Exercise instructions: Retype the listing exactly as it stands, and keep every image out.

Data excerpt:

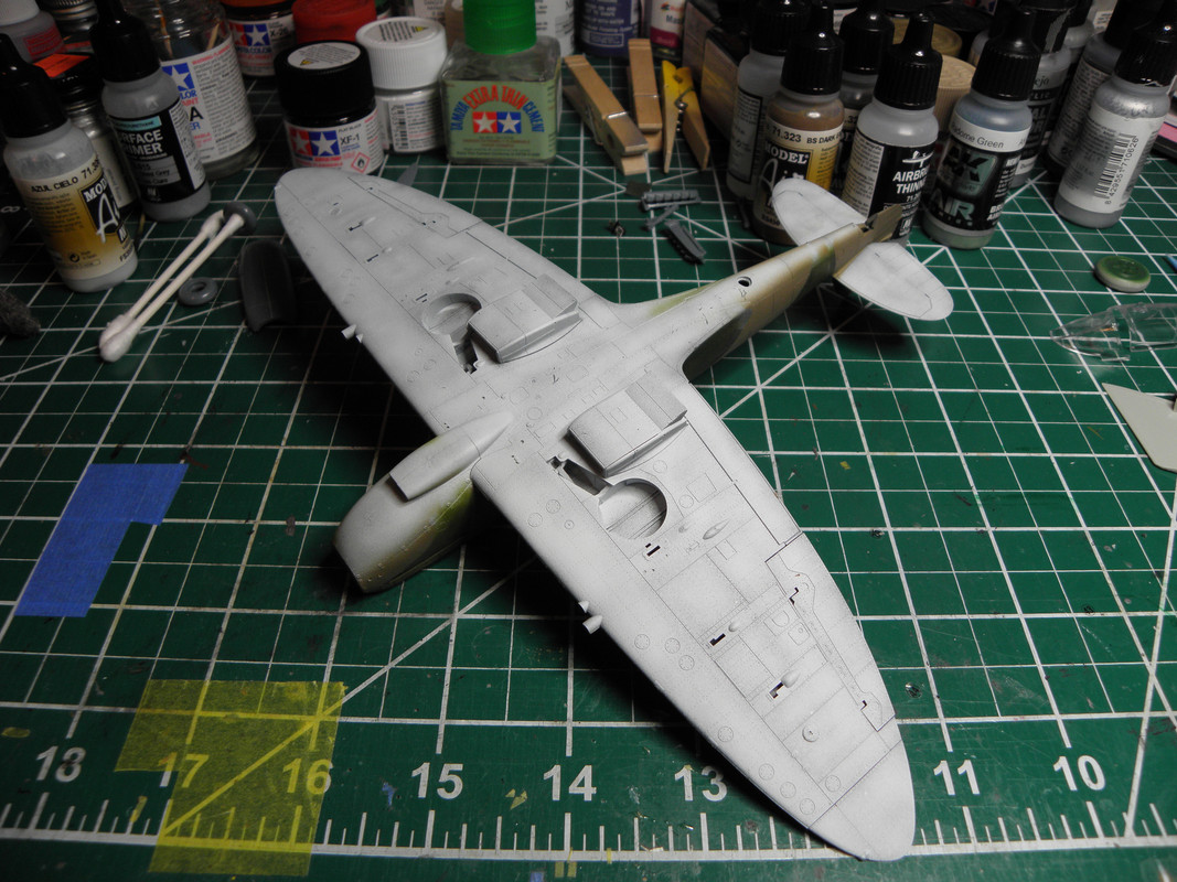 Got 'er done! After sanding with a 320 grit sponge I sprayed the areas with a black primer. Once fully dry I’ll tell if an area still needs work. after that I’ll wet sand the areas to get an nice smooth finish the rescribe. Luckily the panels were attached like a ship so the patern should be easy to follow.
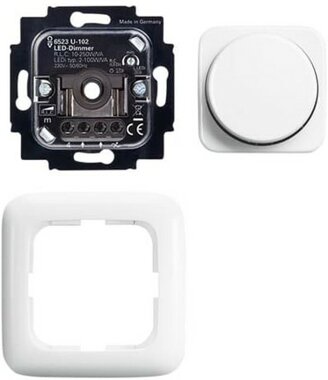 Bestehend aus Busch-LED-Drehdimmer 6523 U-102. Bestehend aus Zentralscheibe mit Drehknopf 2115-214. Bestehend aus Reflex SI-Abdeckrahmen, 1-fach 2511-214.
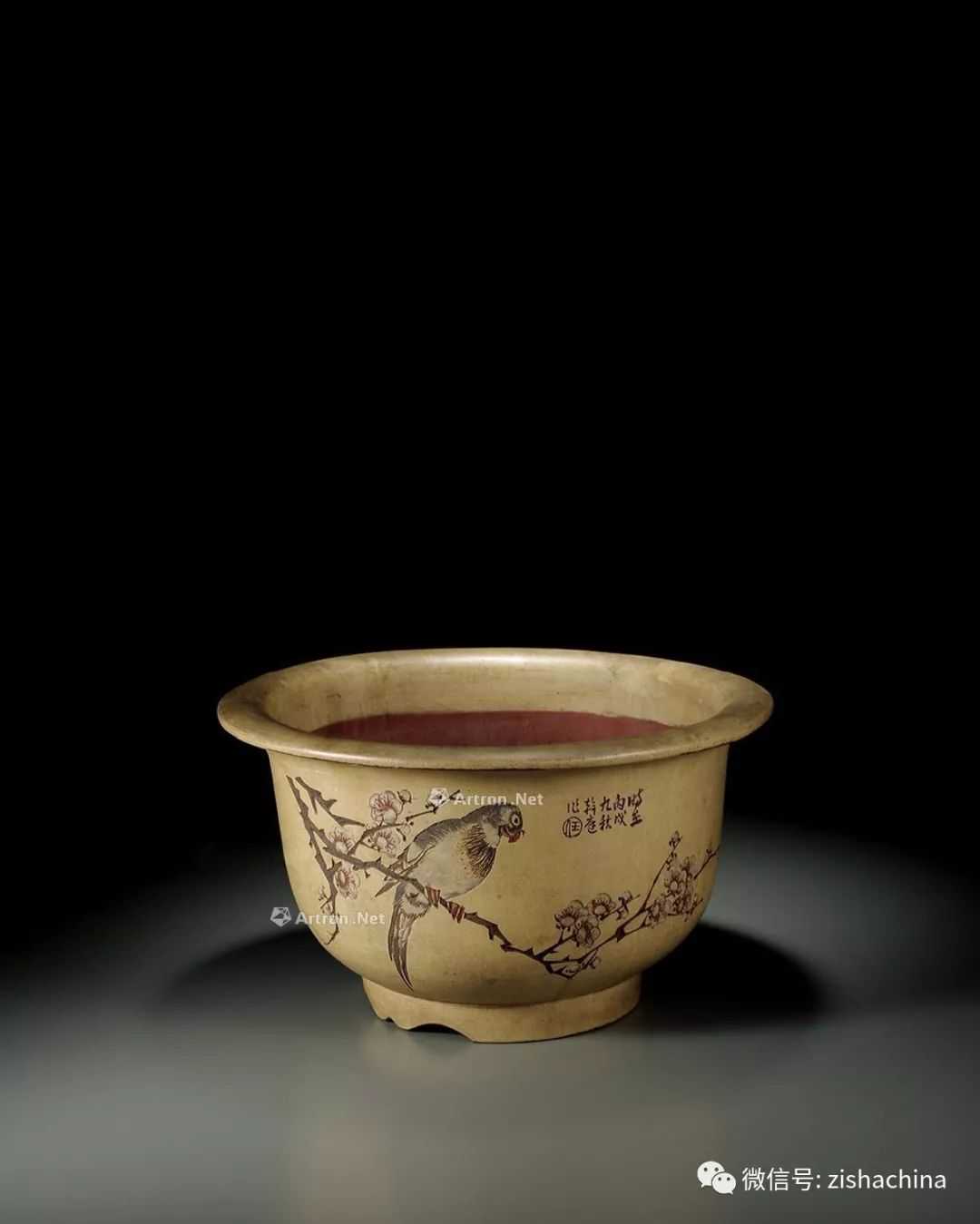 盆身外壁满刻装饰,一面由民国陶刻大师任淦庭刻喜鹊报春图并落款作铭,画面生动,色彩艳丽,寓意吉祥。另一面以隶书题刻诗句一首,皆以“春”为主题,与画面相互呼应。器表包浆莹润,古朴厚重。
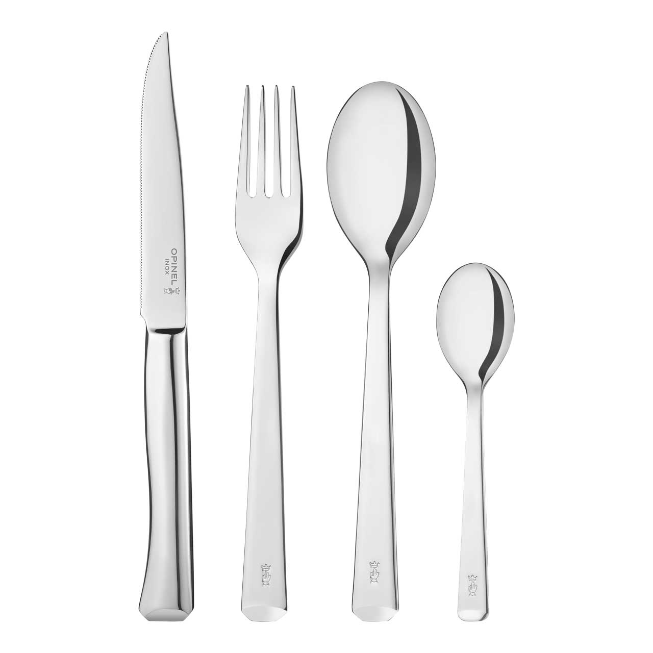 Perpetue. In Zusammenarbeit mit dem Design-Studio BIG GAME ist Opinel zu den Wurzeln der Marke zurückgekehrt. Zu den Wurzeln des Designs, mit Anspielungen auf die historischen Formen der Opinel Messer. Zu den Wurzeln der Familie, in dem Sie eine Frau würdigen: Perpetue Opinel (1813-1858), die Großmutter des Gründers des Unternehmens, Joseph Opinel. An der Seite ihres Ehemanns Victor-Amedee schmiedete sie Nägel im Herzen der Alpen, in Savoyen. Opinel hat sich gewagt, sich vorzustellen, dass sie Objekte in schlichter, zeitloser Ästhetik liebte, robust und beständig. Die Perpetue Besteckset Box besteht aus 4 Messern mit angenehm gebogenem Griff und mikrogezahnter Klinge, 4 Gabeln, Löffeln und Teelöffeln in klaren Linien. Das Besteckset Perpétue ist aus rostfreiem Stahl, Monoblock, für die Spülmaschine geeignet. Die Messer sind aus Stahl X20Cr13, Gabeln, Löffel und Teelöffel aus Stahl X5CrNi18-10.

Exercise answer:
 Got 'er done! After sanding with a 320 grit sponge I sprayed the areas with a black primer. Once fully dry I’ll tell if an area still needs work. after that I’ll wet sand the areas to get an nice smooth finish the rescribe. Luckily the panels were attached like a ship so the patern should be easy to follow.
 Bestehend aus Busch-LED-Drehdimmer 6523 U-102. Bestehend aus Zentralscheibe mit Drehknopf 2115-214. Bestehend aus Reflex SI-Abdeckrahmen, 1-fach 2511-214.
 盆身外壁满刻装饰,一面由民国陶刻大师任淦庭刻喜鹊报春图并落款作铭,画面生动,色彩艳丽,寓意吉祥。另一面以隶书题刻诗句一首,皆以“春”为主题,与画面相互呼应。器表包浆莹润,古朴厚重。
 Perpetue. In Zusammenarbeit mit dem Design-Studio BIG GAME ist Opinel zu den Wurzeln der Marke zurückgekehrt. Zu den Wurzeln des Designs, mit Anspielungen auf die historischen Formen der Opinel Messer. Zu den Wurzeln der Familie, in dem Sie eine Frau würdigen: Perpetue Opinel (1813-1858), die Großmutter des Gründers des Unternehmens, Joseph Opinel. An der Seite ihres Ehemanns Victor-Amedee schmiedete sie Nägel im Herzen der Alpen, in Savoyen. Opinel hat sich gewagt, sich vorzustellen, dass sie Objekte in schlichter, zeitloser Ästhetik liebte, robust und beständig. Die Perpetue Besteckset Box besteht aus 4 Messern mit angenehm gebogenem Griff und mikrogezahnter Klinge, 4 Gabeln, Löffeln und Teelöffeln in klaren Linien. Das Besteckset Perpétue ist aus rostfreiem Stahl, Monoblock, für die Spülmaschine geeignet. Die Messer sind aus Stahl X20Cr13, Gabeln, Löffel und Teelöffel aus Stahl X5CrNi18-10.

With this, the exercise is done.